Gwen mengusap dada Rafe perlahan, berusaha untuk menyalurkan kekuatan pada pria itu.

"Yang paling mengerikan dari segalanya adalah saat itu aku hampir tak bisa mengingat siapa diriku. Terkadang aku berusaha untuk memunculkan bayangan keluargaku-berharap itu akan memberiku kekuatan atau semacamnya. Tapi aku tak bisa. Aku hampir-hampir merasakan jarak yang terbentang di antara kami dan rasanya mustahil untuk bisa kembali pada mereka. Ada hari-hari di mana aku bisa mengingat wajah mereka dengan jelas, namun itu tak berarti apa-apa. Ketika itu terjadi, aku tak peduli pada keluargaku. Aku tak mau memikirkan mereka. Aku hanya ingin mati."

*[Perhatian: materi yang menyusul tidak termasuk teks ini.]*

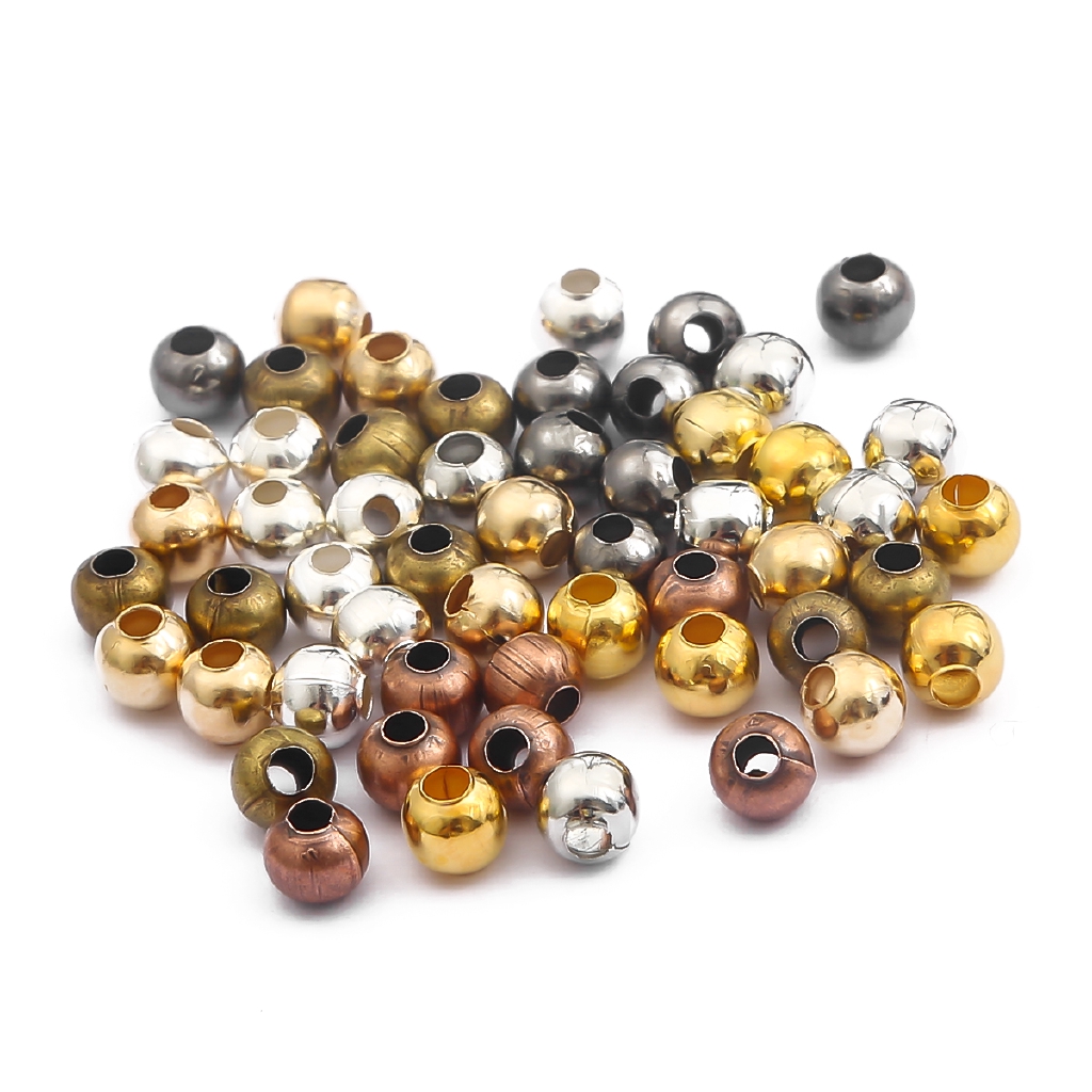 ลูกปัดโลหะ ทรงกลม สําหรับทําเครื่องประดับ ขนาด 2.4 - 6.0 มม.

"Lalu suatu hari, ada yang mendobrak masuk selku. Tawa orang-orang itu berhenti saat peluru menghujani mereka. Mengerikan sekali. Ayahku menemukanku yang berlumuran darah dan dirantai seperti binatang. Aku tak banyak mengingat tentang hari itu."

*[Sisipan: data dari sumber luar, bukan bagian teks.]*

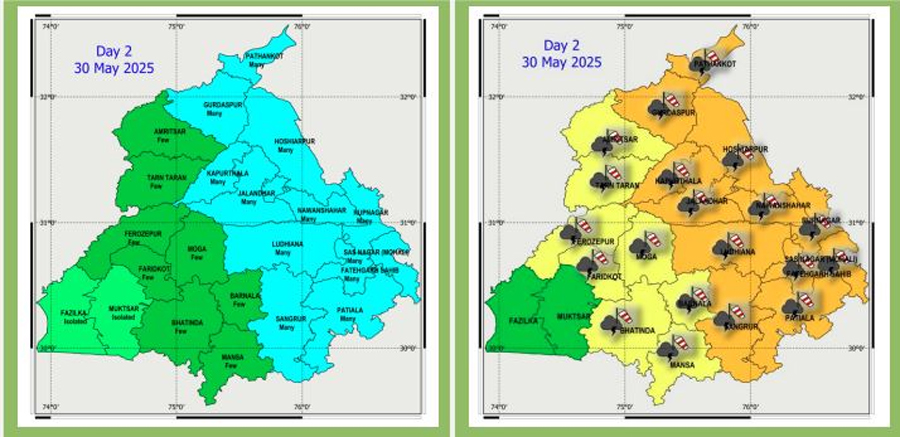 ਅੱਜ ਪੰਜਾਬ ਦੇ 20 ਜ਼ਿਲ੍ਹਿਆਂ ਵਿੱਚ ਅਲਰਟ ਜਾਰੀ ਕੀਤਾ ਗਿਆ ਹੈ। ਮੌਸਮ ਕੇਂਦਰ ਚੰਡੀਗੜ੍ਹ ਅਨੁਸਾਰ, ਪੰਜਾਬ ਦੇ 12 ਜ਼ਿਲ੍ਹਿਆਂ ‘ਚ ਸੰਤਰੀ ਅਲਰਟ ਜਾਰੀ ਕੀਤਾ ਗਿਆ ਹੈ। ਇਸ ਦੇ ਨਾਲ ਹੀ 8 ਜ਼ਿਲ੍ਹਿਆਂ ਵਿੱਚ ਪੀਲਾ ਅਲਰਟ ਜਾਰੀ ਕੀਤਾ ਗਿਆ ਹੈ। ਵਿਭਾਗ ਵੱਲੋਂ ਅੱਜ ਪਠਾਨਕੋਟ, ਹੁਸ਼ਿਆਰਪੁਰ, ਗੁਰਦਾਸਪੁਰ, ਕਪੂਰਥਲਾ, ਜਲੰਧਰ, ਲੁਧਿਆਣਾ, ਸੰਗਰੂਰ ਨਵਾਂਸ਼ਹਿਰ, ਰੂਪਨਗਰ, ਐੱਸ. ਏ. ਐੱਸ. ਨਗਰ, ਫ਼ਤਹਿਗੜ੍ਹ ਸਾਹਿਬ ਅਤੇ ਪਟਿਆਲਾ ਲਈ ਔਰੇਂਜ ਅਲਰਟ ਵੀ ਜਾਰੀ ਕੀਤਾ ਹੈ। ਇਸੇ ਤਰ੍ਹਾਂ ਅੰਮ੍ਰਿਤਸਰ, ਤਰਨਤਾਰਨ, ਫਿਰੋਜ਼ਪੁਰ, ਮੋਗਾ, ਫਰੀਦਕੋਟ, ਬਠਿੰਡਾ, ਮਾਨਸਾ ਅਤੇ ਬਰਨਾਲਾ ਵਿਚ ਮੌਸਮ ਦਾ 'ਯੈਲੋ ਅਲਰਟ' ਜਾਰੀ ਕੀਤਾ ਗਿਆ ਹੈ।

Rafe meraih jemari Gwen yang ada di dadanya dan mengelus telapak tangan wanita itu perlahan sebelum menggenggamnya erat dan meletakkannya tepat di atas jantungnya berdegup.

"Hari-hari setelahnya tidak lebih baik. Butuh waktu berminggu-minggu bagiku untuk memulihkan diri. Bayangan keji itu tak pernah hilang. Aku aman di rumahku, tapi aku masih bisa mendengar dengan jelas tawa mereka yang mengerikan. Mereka selalu menyetel musik klasik yang sama setiap waktu-berusaha terlalu keras untuk membuatku kehilangan akal sehat. Aku masih bisa mendengar dengan jelas semua itu. Aku masih bisa mengingat semuanya. Aroma tubuh mereka, aroma karat dari darahku sendiri... Lalu aroma opium itu-bunga poppy! Belakangan aku tahu selku berada di tempat yang sama di mana mereka memproduksi narkotika itu. Mereka mungkin sengaja melakukannya."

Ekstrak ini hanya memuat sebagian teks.